### RECORDS FOR THIS TASK

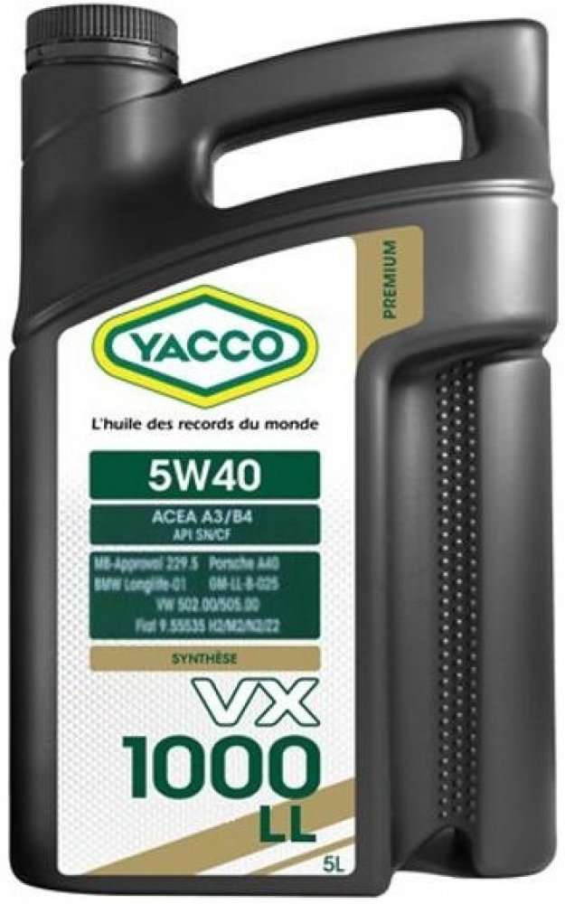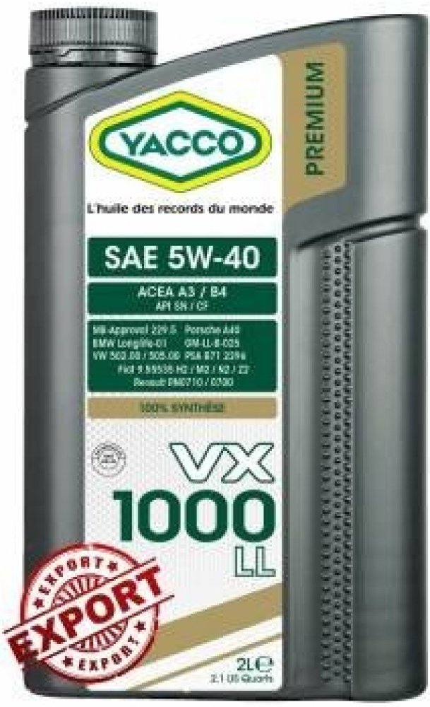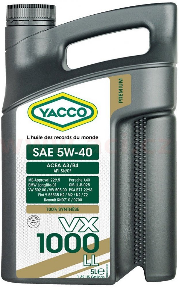 Popis: Plně syntetický motorový olej pro moderní osobní a lehké dodávkové automobily. Yacco VX 1000 LL 5W40 je vhodný pro vysoce namáhané benzínové motory (bez ohledu na to, zda jsou přeplňované) a dieselové motory s přímým vstřikováním (včetně přeplňovaných). Vhodný pro vozy na LPG s nebo bez katalyzátoru. Lze používat za náročných provozních podmínek (dálnice, hustá městská doprava). Vlastnosti: Specifická hmotnost při 20°C kg/m3 852 Viskozita při 40°C mm2/s 88 Viskozita při 100°C mm2/s 14,5 Viskozitní index 172 Bod tuhnutí °C -45 Bod vzplanutí °C 230 Viskozita, dynamická při -30°C mPa.s 5900 HTHS viskozita (150°C) 3,7 Výhody: - 100% syntetiský olej, jeden z nejlepších 5w40 na trhu. - Vynikající stabilita při vysokých teplotách a smykové odolnosti. - Vynikající parametry při nízkých teplotách. - Vynikající detergentní / dispergační vlastnosti. - Poskytuje vynikající výkon s vysokou spolehlivostí motoru. - Okamžitá ochrana motoru proti opotřebení při nastartování. - Udržuje motor v čistotě i při použití v náročných prostředích.
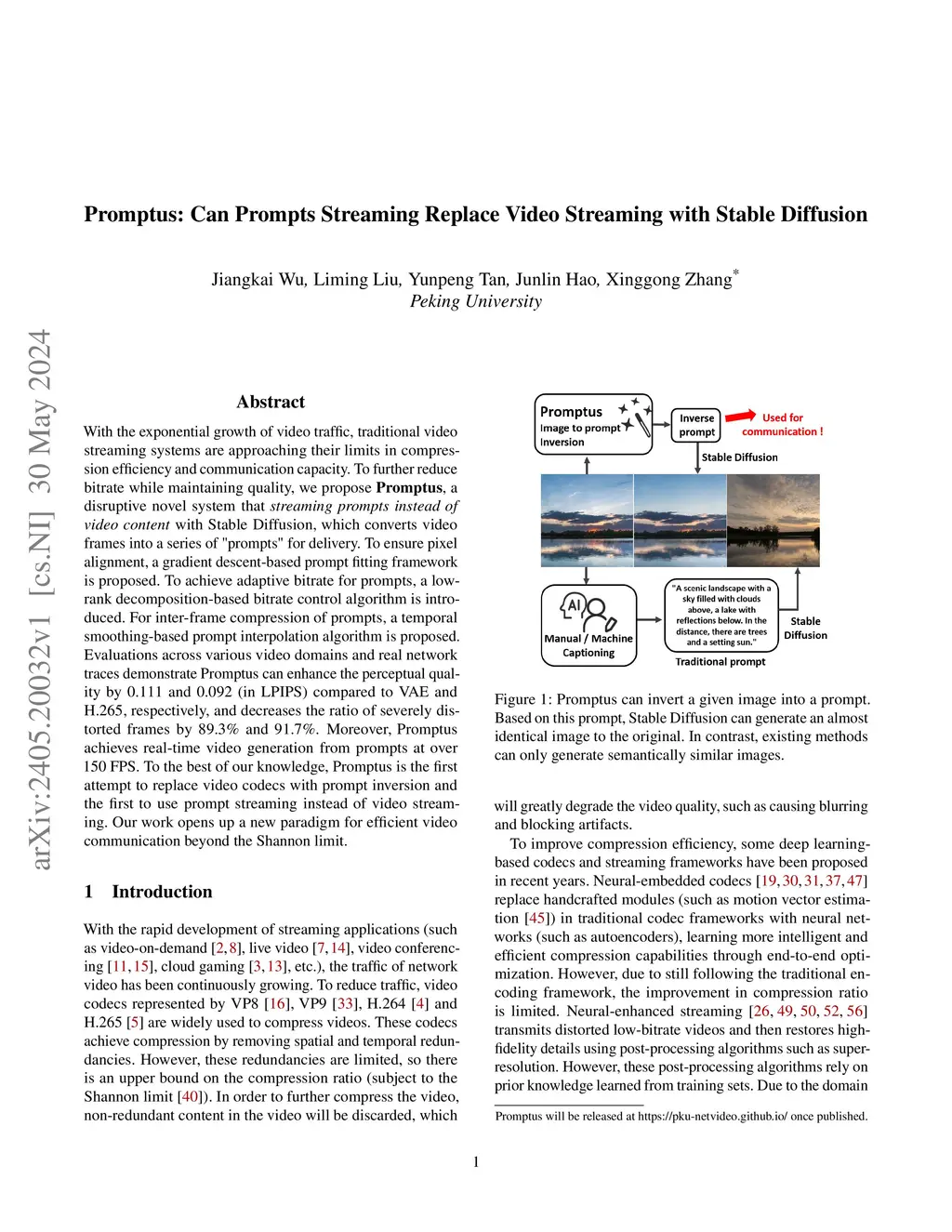 With the exponential growth of video traffic, traditional video streaming systems are approaching their limits in compression efficiency and communication capacity. To further reduce bitrate while maintaining quality, we propose Promptus, a disruptive semantic communication system that streaming prompts instead of video content, which represents real-world video frames with a series of "prompts" for delivery and employs Stable Diffusion to generate videos at the receiver. To ensure that the generated video is pixel-aligned with the original video, a gradient descent-based prompt fitting framework is proposed. Further, a low-rank decomposition-based bitrate control algorithm is introduced to achieve adaptive bitrate. For inter-frame compression, an interpolation-aware fitting algorithm is proposed. Evaluations across various video genres demonstrate that, compared to H.265, Promptus can achieve more than a 4x bandwidth reduction while preserving the same perceptual quality. On the other hand, at extremely low bitrates, Promptus can enhance the perceptual quality by 0.139 and 0.118 (in LPIPS) compared to VAE and H.265, respectively, and decreases the ratio of severely distorted frames by 89.3% and 91.7%. Our work opens up a new paradigm for efficient video communication. Promptus is open-sourced at:this https URL.
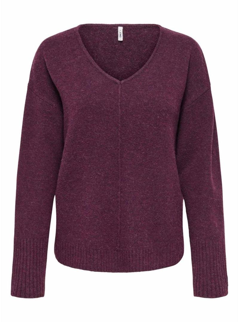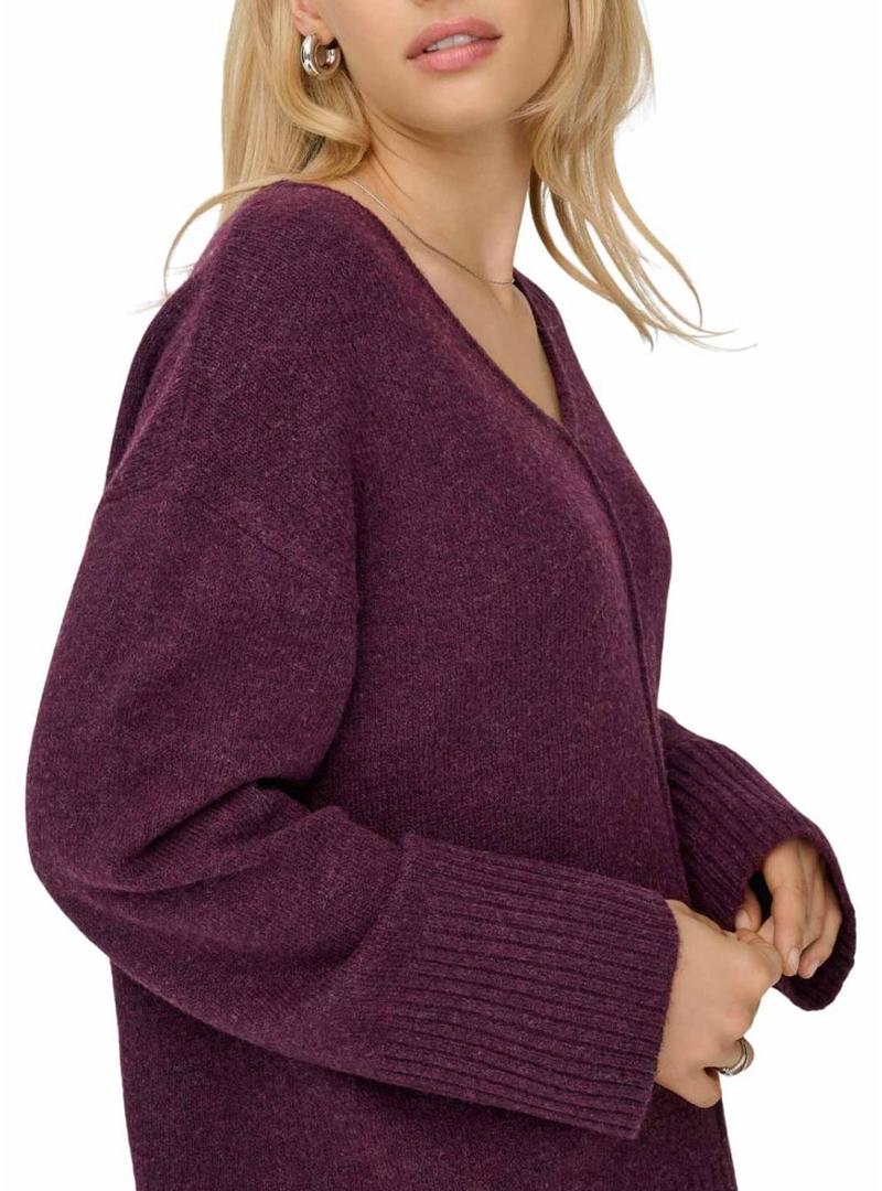 Camisola Only. Modelo Whitney. Cor granada. Decote em V. Costura central. Extremidades caneladas. Ajuste folgado. Ombros caídos. Tecido macio ao toque.
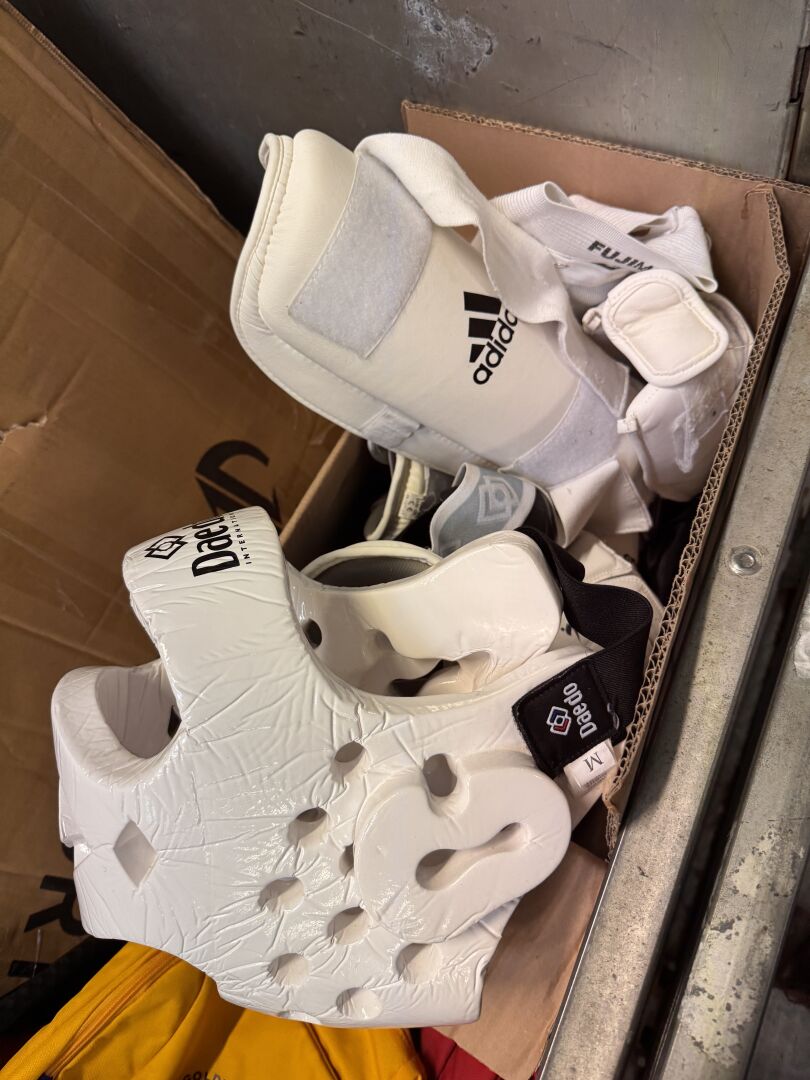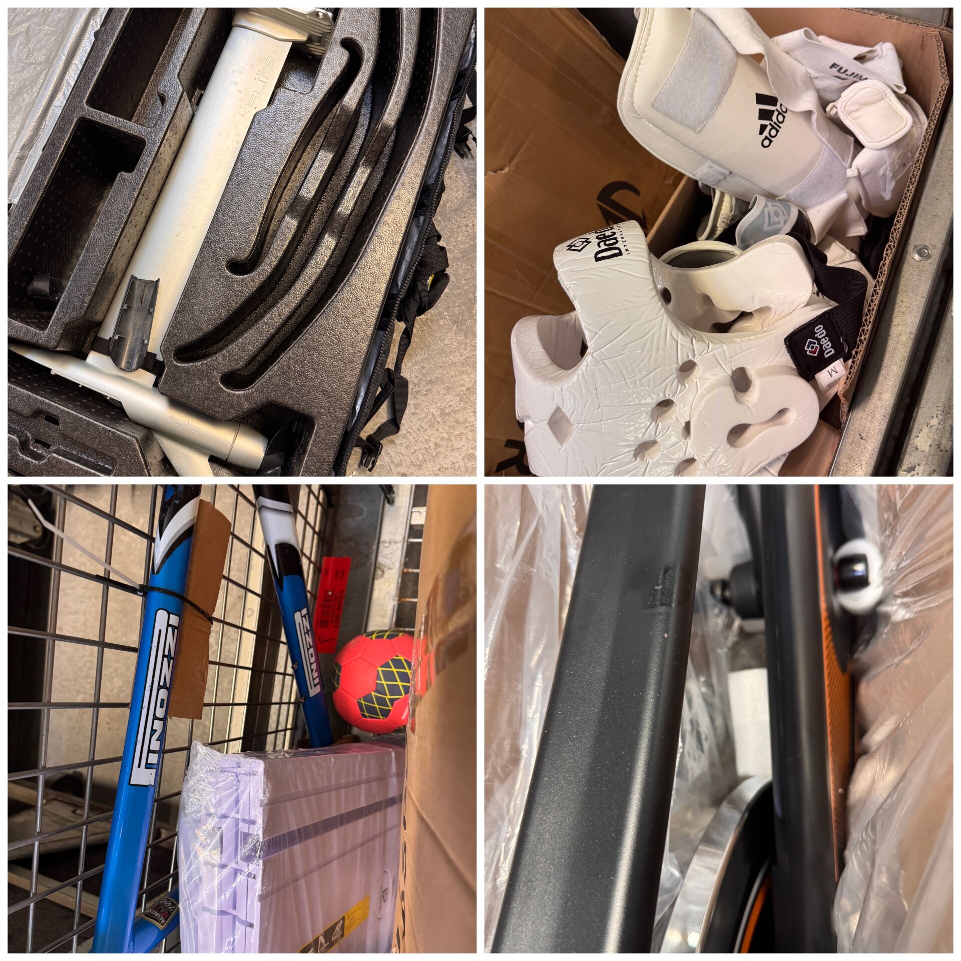 FORT ENSEMBLE D'ARTICLES SPORT & LOISIRS DONT MOTEUR POUR FOIL, PROTECTIONS POUR ARTS MARTIAUX , CADRE VELO, VELO APPARTEMENT (expédition sur devis) (traces d'usage, retour sav, avarie de transport, seconde main, en l'état)
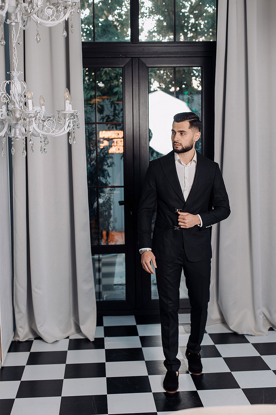 Костюм мужской двойка черного цвета в полоску круизного стиля
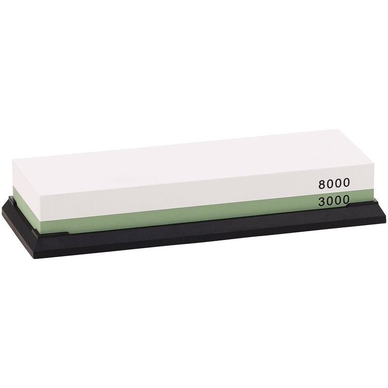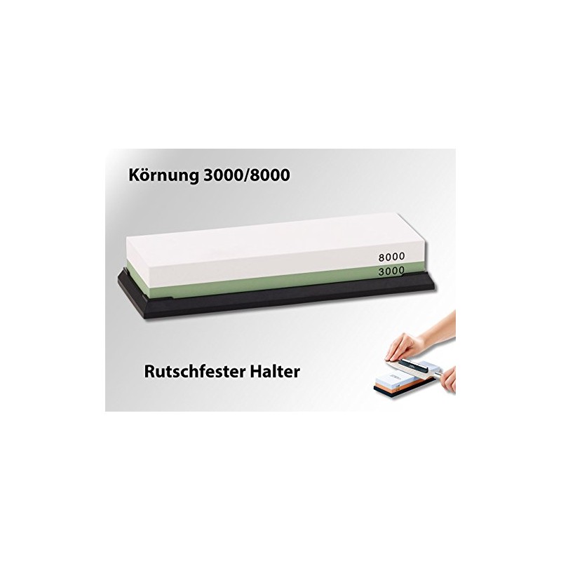 • 3000 grit: extra fine grinding for kitchen, meat, chopping knives and much more. Made of stainless steel, 8000 grit: fine grinding for kitchen, meat, mincer, sushi, razor and much more. With stainless steel, Damascus and forged blades
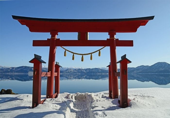 ≪田沢湖側に建つ御座の石神社の鳥居≫
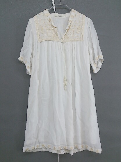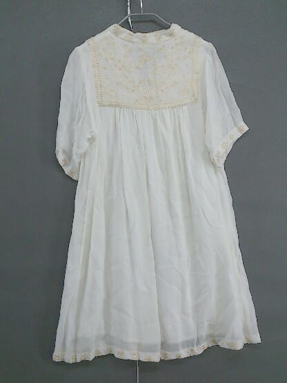 ◇ Another Edition シアー 刺繍 五分袖 チュニック ホワイト ゴールド レディース

######

PROBLEM:
The answer should consist of every line above, exact and free of images.

EXERCISE OUTPUT:
 Popis: Plně syntetický motorový olej pro moderní osobní a lehké dodávkové automobily. Yacco VX 1000 LL 5W40 je vhodný pro vysoce namáhané benzínové motory (bez ohledu na to, zda jsou přeplňované) a dieselové motory s přímým vstřikováním (včetně přeplňovaných). Vhodný pro vozy na LPG s nebo bez katalyzátoru. Lze používat za náročných provozních podmínek (dálnice, hustá městská doprava). Vlastnosti: Specifická hmotnost při 20°C kg/m3 852 Viskozita při 40°C mm2/s 88 Viskozita při 100°C mm2/s 14,5 Viskozitní index 172 Bod tuhnutí °C -45 Bod vzplanutí °C 230 Viskozita, dynamická při -30°C mPa.s 5900 HTHS viskozita (150°C) 3,7 Výhody: - 100% syntetiský olej, jeden z nejlepších 5w40 na trhu. - Vynikající stabilita při vysokých teplotách a smykové odolnosti. - Vynikající parametry při nízkých teplotách. - Vynikající detergentní / dispergační vlastnosti. - Poskytuje vynikající výkon s vysokou spolehlivostí motoru. - Okamžitá ochrana motoru proti opotřebení při nastartování. - Udržuje motor v čistotě i při použití v náročných prostředích.
 With the exponential growth of video traffic, traditional video streaming systems are approaching their limits in compression efficiency and communication capacity. To further reduce bitrate while maintaining quality, we propose Promptus, a disruptive semantic communication system that streaming prompts instead of video content, which represents real-world video frames with a series of "prompts" for delivery and employs Stable Diffusion to generate videos at the receiver. To ensure that the generated video is pixel-aligned with the original video, a gradient descent-based prompt fitting framework is proposed. Further, a low-rank decomposition-based bitrate control algorithm is introduced to achieve adaptive bitrate. For inter-frame compression, an interpolation-aware fitting algorithm is proposed. Evaluations across various video genres demonstrate that, compared to H.265, Promptus can achieve more than a 4x bandwidth reduction while preserving the same perceptual quality. On the other hand, at extremely low bitrates, Promptus can enhance the perceptual quality by 0.139 and 0.118 (in LPIPS) compared to VAE and H.265, respectively, and decreases the ratio of severely distorted frames by 89.3% and 91.7%. Our work opens up a new paradigm for efficient video communication. Promptus is open-sourced at:this https URL.
 Camisola Only. Modelo Whitney. Cor granada. Decote em V. Costura central. Extremidades caneladas. Ajuste folgado. Ombros caídos. Tecido macio ao toque.
 FORT ENSEMBLE D'ARTICLES SPORT & LOISIRS DONT MOTEUR POUR FOIL, PROTECTIONS POUR ARTS MARTIAUX , CADRE VELO, VELO APPARTEMENT (expédition sur devis) (traces d'usage, retour sav, avarie de transport, seconde main, en l'état)
 Костюм мужской двойка черного цвета в полоску круизного стиля
 • 3000 grit: extra fine grinding for kitchen, meat, chopping knives and much more. Made of stainless steel, 8000 grit: fine grinding for kitchen, meat, mincer, sushi, razor and much more. With stainless steel, Damascus and forged blades
 ≪田沢湖側に建つ御座の石神社の鳥居≫
 ◇ Another Edition シアー 刺繍 五分袖 チュニック ホワイト ゴールド レディース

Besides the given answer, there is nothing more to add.